As many as 25,000 of the Institute's books, many of which contained unique insights into transgender history and medicine. A bust of Hirschfeld was paraded on a stick before being thrown onto the pyre, a spectacle documented in Nazi newsreels.
The term "transsexual" was first used by Magnus Hirschfeld in his 1923 essay "Die Intersexuelle Konstitution." This laid out the clinical category that Hirschfeld's colleague Harry Benjamin would later create in the US. It wasn't until Benjamin's work, about thirty years after Hirschfeld first used the term, that it became more common. In 1910, Hirschfeld also came up with the word "transvestite." He also used the terms "extreme transvestites" and "total transvestites" to talk about transsexuals.

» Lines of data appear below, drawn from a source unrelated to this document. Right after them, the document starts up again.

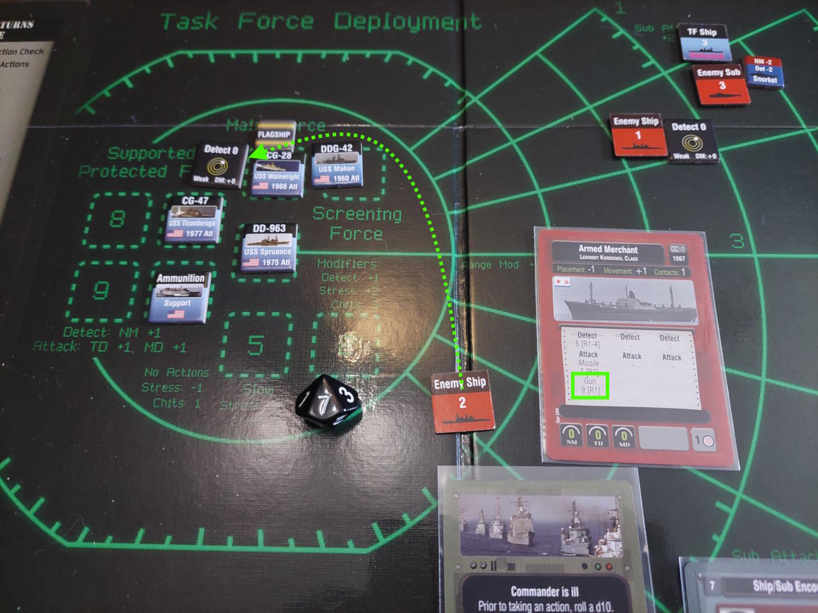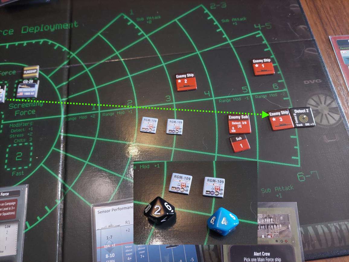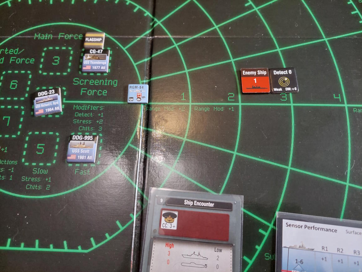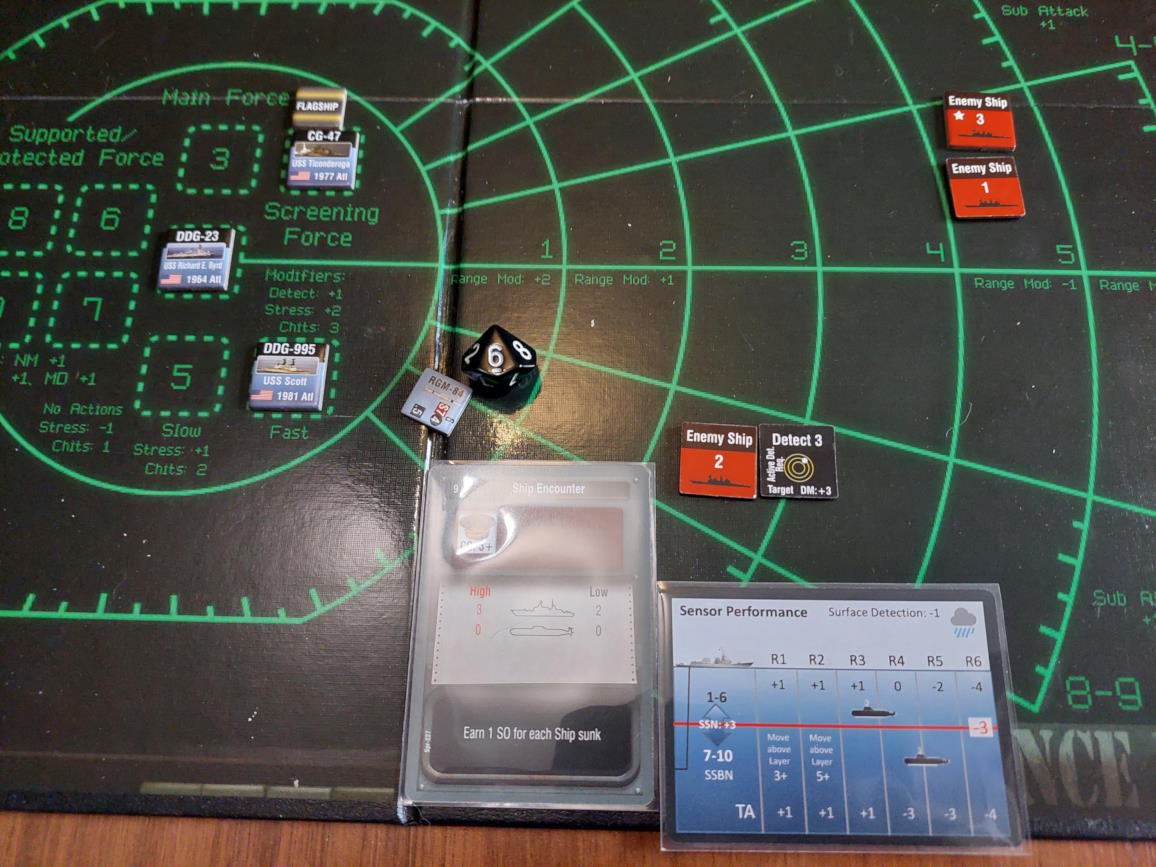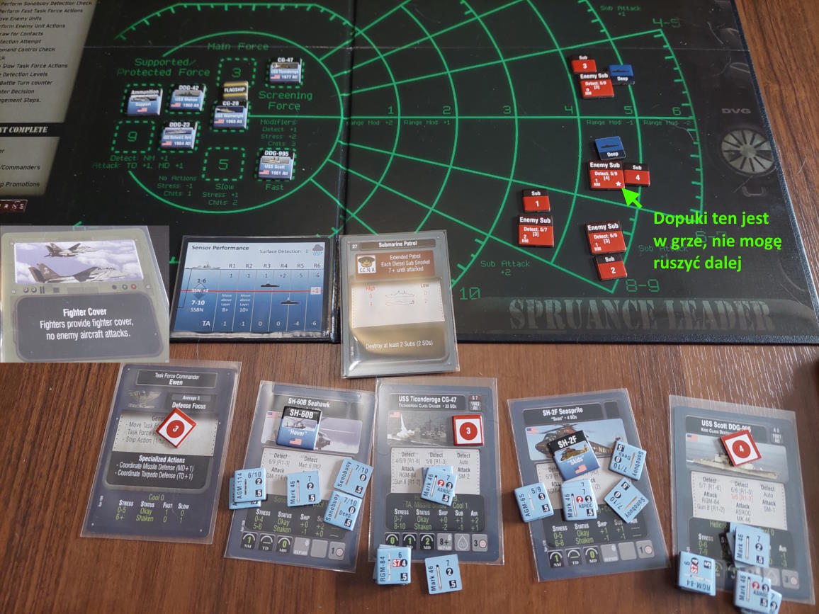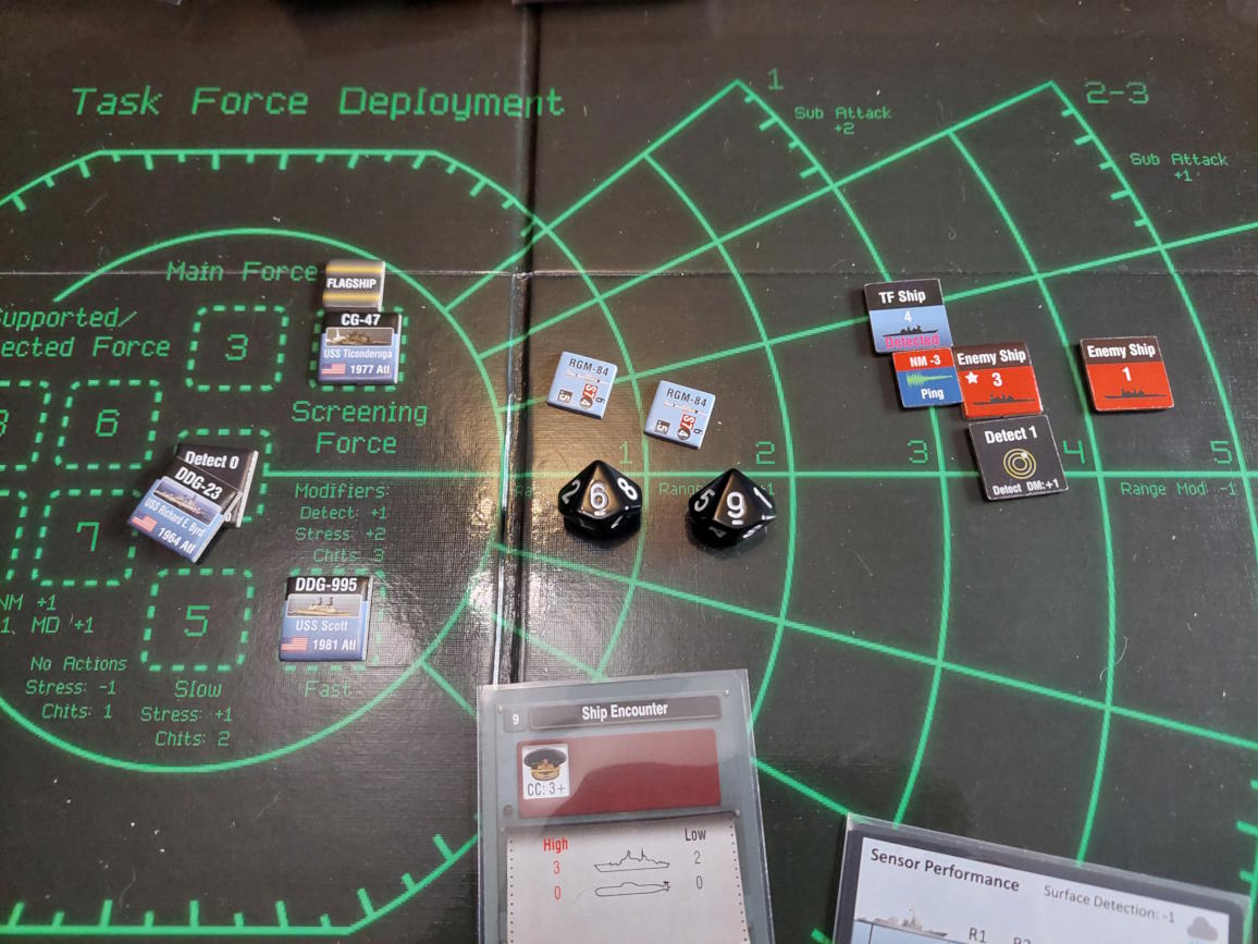 Okazał się to najgorszy pomysł na jaki wpadł kapitan. USS Ticonderoga wykrył okręt podwodny i wspierając się sonarem aktywnym uzyskaliśmy dokładny namiar na okręt podwodny klasy Foxtrot podchodzący pod nasz zespół. Mieliśmy jeszcze sporo torped i USS Scott prowadził zmasowany atak na foxtrota, zatapiając jednostkę.
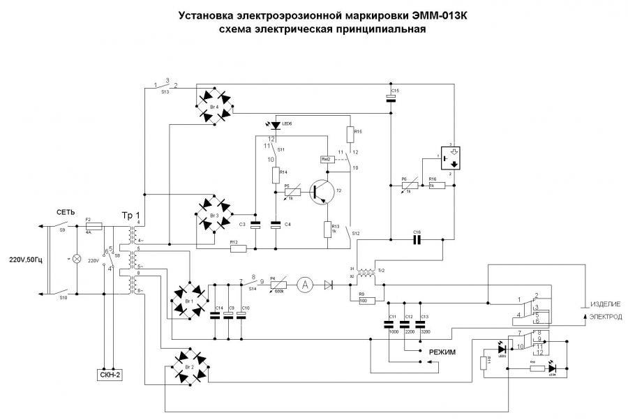 - Для различных типов основного инструмента потребуется менять мощность устройства и силу тока. При разных режимах работы принципиальная электрическая схема должна позволять проводить регулирование величины разряда на электроде. В ней нужно предусмотреть изменение частоты пульсации напряжения.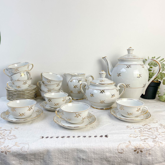 Set da tè/caffè vintage in porcellana bianca con finiture dorate FD Chauvigny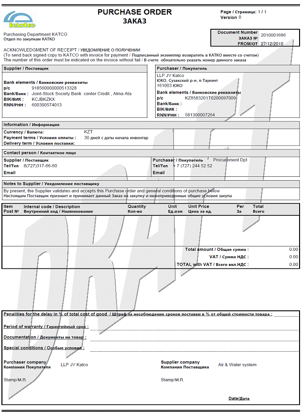 Приложение 1 к Договору № : Заказ на закупку | Annex 1 to Agreement No.: Purchase order |

In his research for the Institute, Hirschfeld referred to transgender people as "total transvestites" or "extreme transvestites" as early as the 1920s, notably differentiating them from crossdressers, as well as stating his belief that there naturally existed people who had "characteristics that did not fit into heterosexual or binary categories".
The homosexual movement and Institute for Sexual Science were frequent targets of conservatives such as the Nazi Party and both Catholic and Protestant churches, which accused the movements of "degeneracy", going against family values and promoting "un-German" ideas. Hirschfeld himself was targeted both politically and in the press. After being physically attacked and beaten in Munich in 1921, a nationalist newspaper article celebrated, threatening that "the next time his skull might be crushed".
Li Shiu Tong was a Hong Kong medical student and sexologist. Some consider him an early LGBTQ activist. He was a companion of the German sexologist Magnus Hirschfeld. Li met Hirschfeld in Shanghai at a public lecture for Chinese feminists at China United Apartments in 1931. Li and Hirschfeld spent many years in European exile, with Li acting as Hirschfeld's student, nurse and secretary. In 1932 Li submitted a paper with both his and Hirschfeld's names on it to the Congress of the World League for Sexual Reform in Brno in Czechoslovakia. This paper was one of the first to cover intersex people extensively as well as the idea that homosexuality was not a disease, but rather a natural human variation influenced by disposition and environment.
In May 1933, after the Nazi looting and destruction of Hirschfeld's institute in Berlin, Li helped Hirschfeld to escape from Switzerland to France. From 1933 to 1935, Hirschfeld lived, mostly together with Li, in Paris and Nice. Li Shiu Tong broke from common beliefs with his claims that "A homosexual is not born but made" and asserted that homosexuality is nature's defence against overpopulation. He believed that there were a lot of transgender people, who he claimed were:
"the most interesting mankind. A complex sexual mankind. Dr. [Hirschfeld] was the best authority on this subject. In fact he discovered it. The behavior of transvertit helped to explain some of that of the homosexual, bisexual, and even heterosexual."